News and Press Releases

November 17, 2010

OWNER OF DENVER SUGARS/DENVER PLAYERS INDICTED

            DENVER – Brenda L. Stewart, age 35, of Denver, Colorado, was indicted by a federal grand jury in Denver late yesterday on charges of tax evasion, use of interstate communication facilities in aid of racketeering, witness tampering, and money laundering related to her prostitution business, United States Attorney John Walsh and IRS – Criminal Investigation Special Agent in Charge Christopher Siegerson announced.  A summons was issued for Stewart to appear in U.S. District Court in Denver for her initial appearance on November 30, 2010, at 1:30 p.m. before U.S. Magistrate Judge Craig B.  Shaffer.
            According to the indictment, the first tax evasion count alleges that beginning on January 1, 2005, and continuing through April 17, 2006, Stewart did willfully attempt to evade and defeat payment of income tax due to the United States for the calendar year 2005.  Stewart earned income from her prostitution business known as Denver Sugar/Denver Players, first through working as a prostitute and later through purchasing and then operating the Denver Sugar/Denver Players business.
            The second tax evasion count alleges that beginning on January 1, 2006, and continuing through April 16, 2007, Stewart did willfully attempt to evade and defeat income tax due to the United States for calendar year 2006. 

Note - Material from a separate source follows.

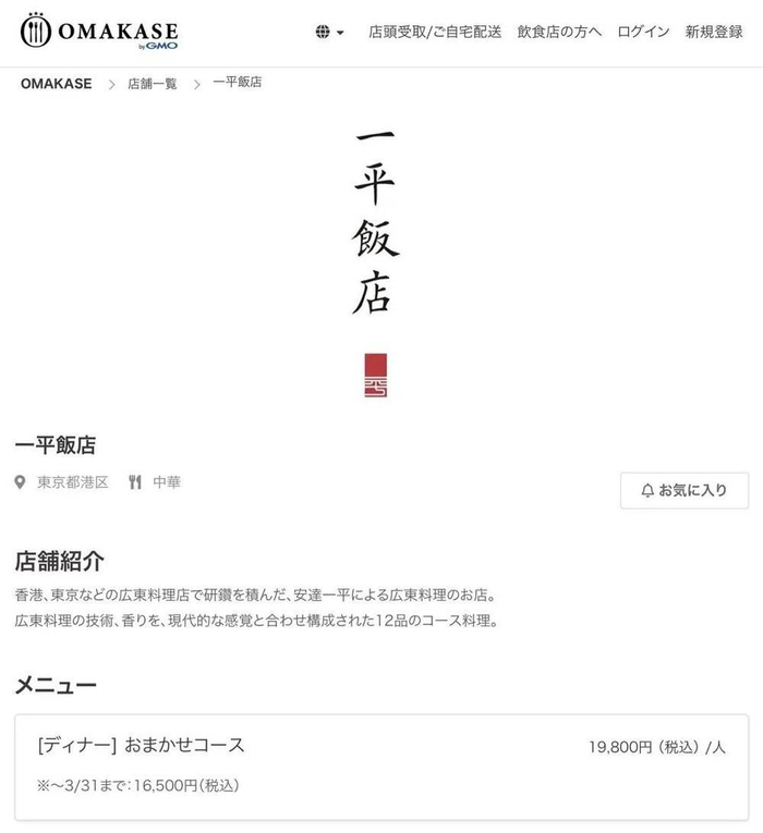 这家おまかせ中餐馆“一平饭店”主营粤菜,从菜品的宣传图和日本美食点评网站食べログ上的照片来看,做的也是小份量的精致中餐。

Both counts allege that Stewart created a company called Phoenix Media and Consulting LLC.  She used this company to open a bank account to receive and distribute money from her prostitution business.  Stewart used some of the receipts from the business to pay the purchase price of $150,000 from the previous owner.  She also did not provide a majority of the employees with Forms 1099 or other required tax documents.  Stewart filed a false 1040 individual income tax return for 2005, and she failed to file an individual tax return for 2006.
            According to the use of interstate commerce facility in aid of racketeering counts, Stewart did use a facility in interstate commerce, namely wire communication facilities, with intent to distribute the proceeds of her unlawful activity – namely the prostitution offenses.  She is also accused of using an interstate commerce facility in aid of racketeering with the intent to promote, manage, and facilitate prostitution offenses by maintaining and causing the maintenance of websites for her businesses.
            On January 25, 2008, search warrants were executed at Stewart’s home and the “in-call” prostitution address.  The witness tampering allegation is that on January 28, 2008, after the search warrants were executed, Stewart corruptly asked the person she paid to maintain her business websites to permanently delete those websites.
            The money laundering counts in the indictment allege that Stewart did knowingly conduct and attempt to conduct financial transactions affecting interstate commerce by transferring funds from a Phoenix Media and Consulting LLC account at Community Banks of Colorado into the defendant’s personal account, knowing the proceeds were from the use of interstate commerce facilities in aid of racketeering activity.  The transactions were designed, the indictment states, to conceal and disguise the nature and source of the proceeds of the unlawful activity.
            Lastly, the indictment includes a forfeiture allegation, which states that upon conviction of one or more of the offenses listed above, Stewart will be required to forfeit the traceable proceeds of her illegal activity, including over $110,000 in U.S. currency.    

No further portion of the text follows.